CVE-2024-48063
CVE-2024-48063
Weakness (CWE)
CVSS Vector
v3.1- Attack Vector
- Network
- Attack Complexity
- Low
- Privileges Required
- None
- User Interaction
- None
- Scope
- Unchanged
- Confidentiality
- High
- Integrity
- High
- Availability
- High
Description
In PyTorch <=2.4.1, the RemoteModule has Deserialization RCE. NOTE: this is disputed by multiple parties because this is intended behavior in PyTorch distributed computing.
Comprehensive Technical Analysis of CVE-2024-48063
1. Vulnerability Assessment and Severity Evaluation
CVE ID: CVE-2024-48063 CVSS Score: 9.8
The vulnerability in question pertains to a deserialization Remote Code Execution (RCE) issue in the RemoteModule of PyTorch versions up to and including 2.4.1. Deserialization vulnerabilities are particularly severe because they can allow an attacker to execute arbitrary code on the target system, leading to full system compromise. The high CVSS score of 9.8 underscores the critical nature of this vulnerability.
Despite the severity, it is important to note that this behavior is disputed by multiple parties, who argue that it is intended behavior in PyTorch's distributed computing framework. This dispute suggests that the vulnerability might be a result of a misunderstanding or misuse of the intended functionality rather than a flaw in the code itself.
2. Potential Attack Vectors and Exploitation Methods
The primary attack vector for this vulnerability is through the deserialization process in the RemoteModule. An attacker could craft a malicious serialized object that, when deserialized, executes arbitrary code. This can be achieved through various means, such as:
- Network Interception: Intercepting and modifying network traffic to inject malicious serialized objects.

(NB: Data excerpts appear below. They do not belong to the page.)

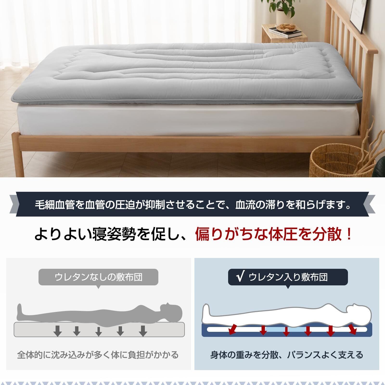 【しっかり体を支える】ウレタン入りの敷き布団で体をしっかり支え、ボリューム感たっぷりの敷布団です。抗菌防臭・防ダニ機能のある中わた、と弾力性のあるウレタンの三層構造が、ふんわりと身体に包み込んで支えます。ウレタンは毛細血管を血管の圧迫が抑制させることで、血流の滞りを和らげます。身体をしっかり支え、快適な眠りに欠かせない自然な寝姿勢に導きます。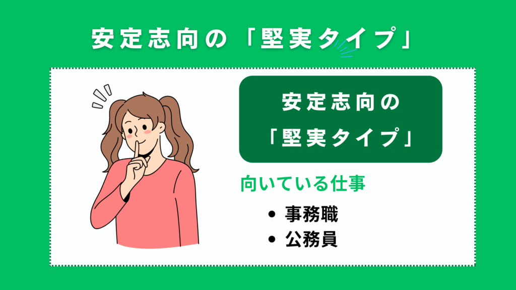 安定志向が強い「堅実タイプ」の人には、長期的に安定した環境で働くことができる、事務職や公務員などの職種が向いています。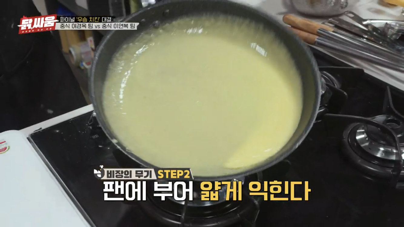 전분이 가열되며 커다랗게 부풀어 오른 달걀지단의 모습을 볼 수 있습니다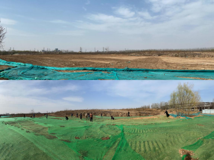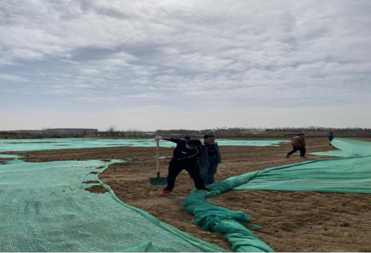 此次活动共分俩组,每组7人,由项目部副经理刘涛带头,大家带起手套,伴随着扬沙四起的恶劣环境,开启为期两天的苫盖工作。青年职工们团结一致,发扬不怕苦不怕累的精神,两天时间共苫盖35350平方米,让工地旧貌换新颜。

- Malicious Inputs: Providing malicious inputs to functions that utilize the
RemoteModule. - Compromised Data Sources: Exploiting compromised data sources that feed into the
RemoteModule.
Exploitation methods would typically involve:
- Crafting Malicious Payloads: Creating serialized objects that contain malicious code.
- Exploiting Trust Relationships: Leveraging trust relationships within the distributed computing framework to inject malicious data.
3. Affected Systems and Software Versions
The vulnerability affects PyTorch versions up to and including 2.4.1. Systems and applications that utilize PyTorch for distributed computing, particularly those that rely on the RemoteModule, are at risk. This includes:
- Machine Learning Models: Models that are trained or deployed using PyTorch's distributed features.
- Research and Development Environments: Environments where PyTorch is used for experimentation and development.
- Production Systems: Any production system that leverages PyTorch's distributed computing capabilities.
4. Recommended Mitigation Strategies
Given the disputed nature of the vulnerability, mitigation strategies should focus on both immediate protection and long-term best practices:
- Update PyTorch: Ensure that all systems are updated to the latest version of PyTorch that addresses this vulnerability, if available.
- Input Validation: Implement robust input validation and sanitization for all data that is deserialized.
- Network Security: Use secure communication channels (e.g., TLS) to protect against network interception and modification.
- Access Controls: Implement strict access controls to limit who can interact with the
RemoteModule. - Monitoring and Logging: Enhance monitoring and logging to detect and respond to any suspicious activities related to deserialization.
5. Impact on Cybersecurity Landscape
The discovery of this vulnerability highlights the ongoing challenges in securing complex software systems, particularly those involved in distributed computing and machine learning. The high CVSS score indicates the potential for significant impact if exploited, including data breaches, system compromises, and loss of intellectual property.
The dispute surrounding the vulnerability also underscores the need for clear communication and documentation of intended behaviors in software, as well as the importance of community involvement in identifying and addressing security issues.
6. Technical Details for Security Professionals
Deserialization RCE:
- Deserialization vulnerabilities occur when untrusted data is used to create an object, which can lead to the execution of arbitrary code.
- In the context of PyTorch's
RemoteModule, this involves the process of converting serialized data back into a usable object.
Distributed Computing:
- PyTorch's distributed computing features allow for the parallelization of tasks across multiple nodes, which can introduce complexities in securing data flows.
- The
RemoteModuleis a key component in this framework, enabling remote procedure calls (RPCs) and other distributed operations.
Mitigation Techniques:
- Serialization Libraries: Use secure serialization libraries that provide mechanisms to validate and sanitize data.
- Code Reviews: Conduct thorough code reviews to identify and mitigate potential deserialization issues.
- Security Policies: Implement and enforce security policies that govern the use of distributed computing features and data handling practices.
References:
By addressing this vulnerability and implementing robust security practices, organizations can better protect their systems and data from potential exploits.